Die Handlung erinnert an den Krimi „Pauline“, einen „Tatort“ aus Niedersachsen (2006) von Niki Stein. Ein Dorf, ein Fest, eine Leiche: Im Morgengrauen wird ein Mädchen tot aufgefunden. Hier wie dort beißen die Ermittlerinnen auf Granit: Die Dorbewohner mögen untereinander spinnefeind sein, doch sie sind es gewöhnt, ihre Probleme selbst zu lösen; und gegen Eindringlinge halten sie ohnehin zusammen wie Pech und Schwefel. Und noch eine Parallele gibt es zum Furtwängler-Dorfkrimi: Die Familien pflegen bürgerliche Fassaden, aber dahinter tun sich Abgründe auf. Missbrauch, Drogensucht, schmutzige kleine Geheimnisse: Der kleine Ort an der Ostsee ist, dem Titel entsprechend, ein regelrechter Sumpf. Und weil auch die Jugendlichen ausnahmslos etwas zu verbergen haben, fühlt sich Marion Ahrens (Charlotte Schwab) an den Horrorfilm „Das Dorf der Verdammten“ erinnert.

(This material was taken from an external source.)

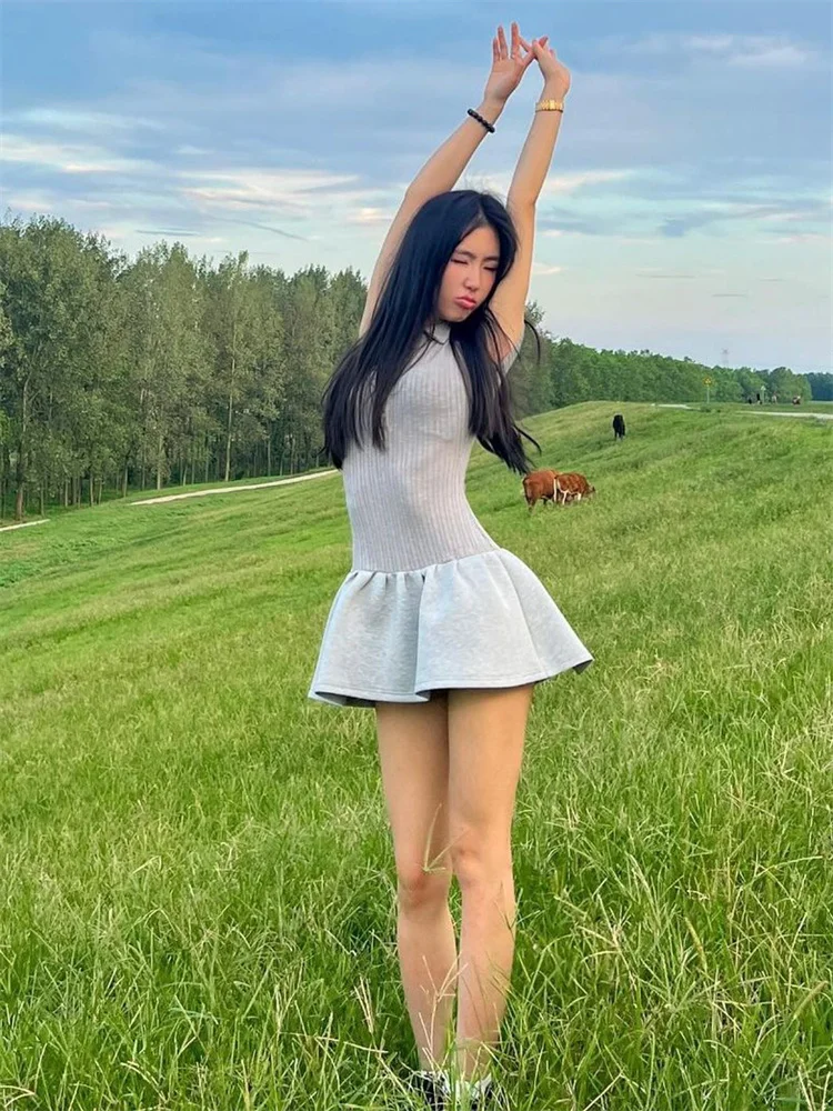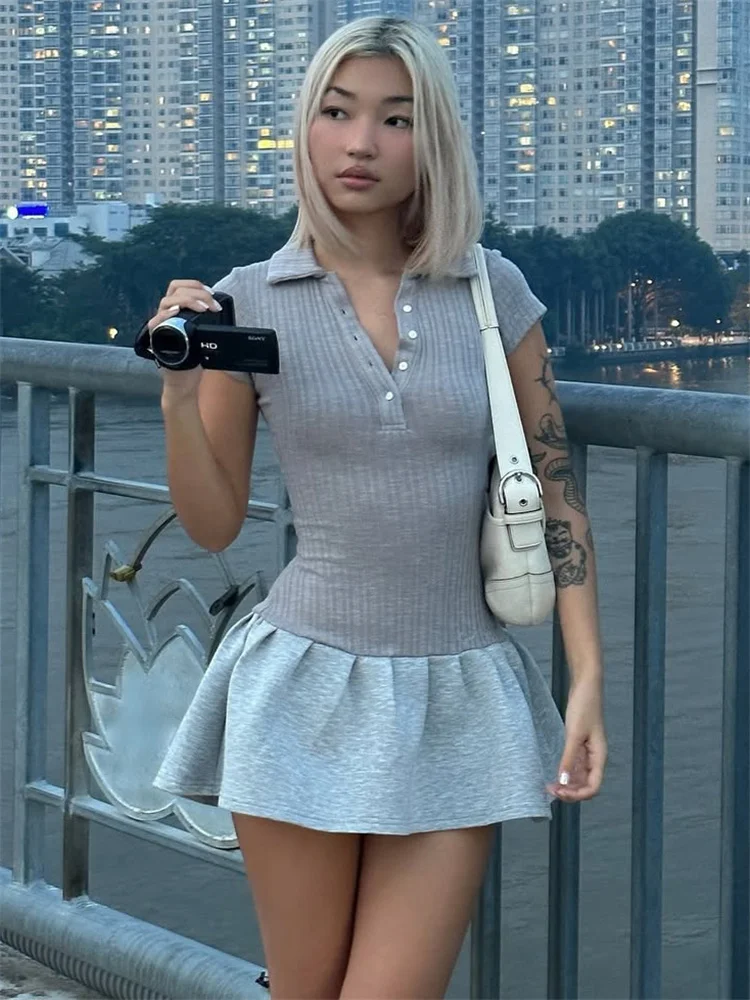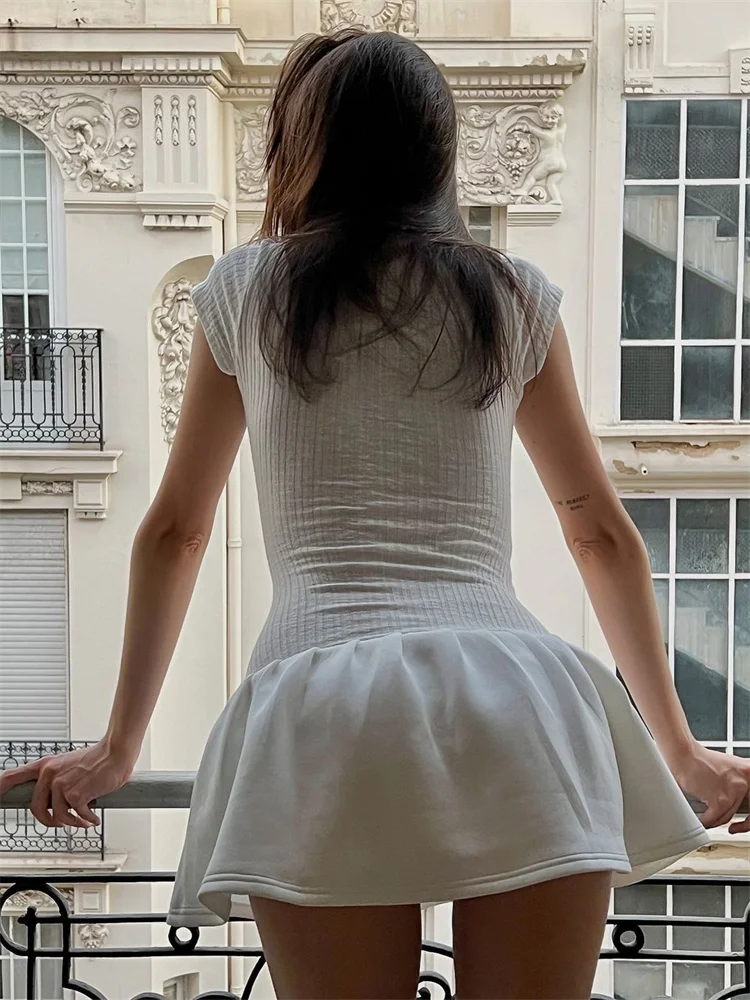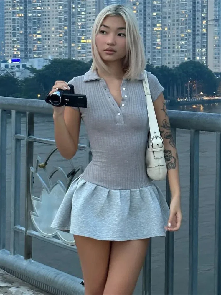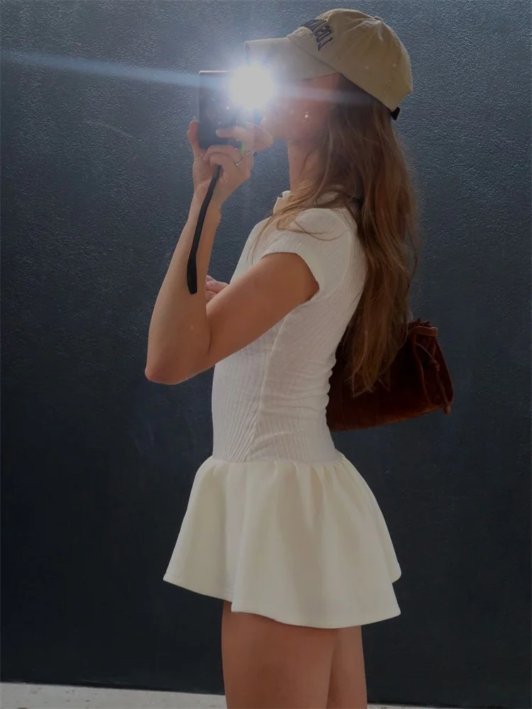 Tossy Ribbed Knit Fashion MIni Dress Women’s Short Sleeve Lapel High Waist Patchwork Commute Autumn Dress Female Bodycon Dress

„Der Sumpf“ ist der zweite Fall für das Duo aus Lübeck in neuer Besetzung, und erneut zeigt sich, dass der Reihe der Wechsel von Ann-Kathrin Kramer zu Lisa Martinek keineswegs geschadet hat. Die Gegensätze zwischen den beiden Kommissarinnen treten nun viel deutlicher zu Tage: hier die abwartende, beobachtende ältere Ahrens, dort die forsche, impulsive, provokative Clara Hertz. Vordergründig hat Martinek auf diese Weise die reizvollere Rolle, was Autor Harald Göckeritz (sien Drehbuch wurde von Regisseur Thorsten Näter bearbeitet) geschickt wieder ausgleicht, indem er Ahrens‘ Mann ins Spiel bringt. Die Ermittlerinnen waren auch auf dem Fest, weil ein früherer Freund von Ahrens mit seinem Sohn hierher gezogen ist. Da die beiden keinen anderen Unterschlupf finden, übernachten sie bei Robert Vandenbrook (Jan-Gregor Kremp), was sich in gleich doppelter Hinsicht als Fehler entpuppt: Ein Nusskuchen, über den sie sich mangels Frühstücksalternativen hermachen, besteht zu einem großen Teil aus Marihuana; und dann findet sich in Roberts Auto just jener Ohrring, der dem toten Mädchen fehlt. Das verleiht dem Verhältnis zwischen Marion und ihrem Gatten, dem Spurensicherer, natürlich eine zusätzliche Brisanz. Der Gute ist ohnehin eifersüchtig auf den melancholischen Robert; da kommt ihm der Mordverdacht gerade recht.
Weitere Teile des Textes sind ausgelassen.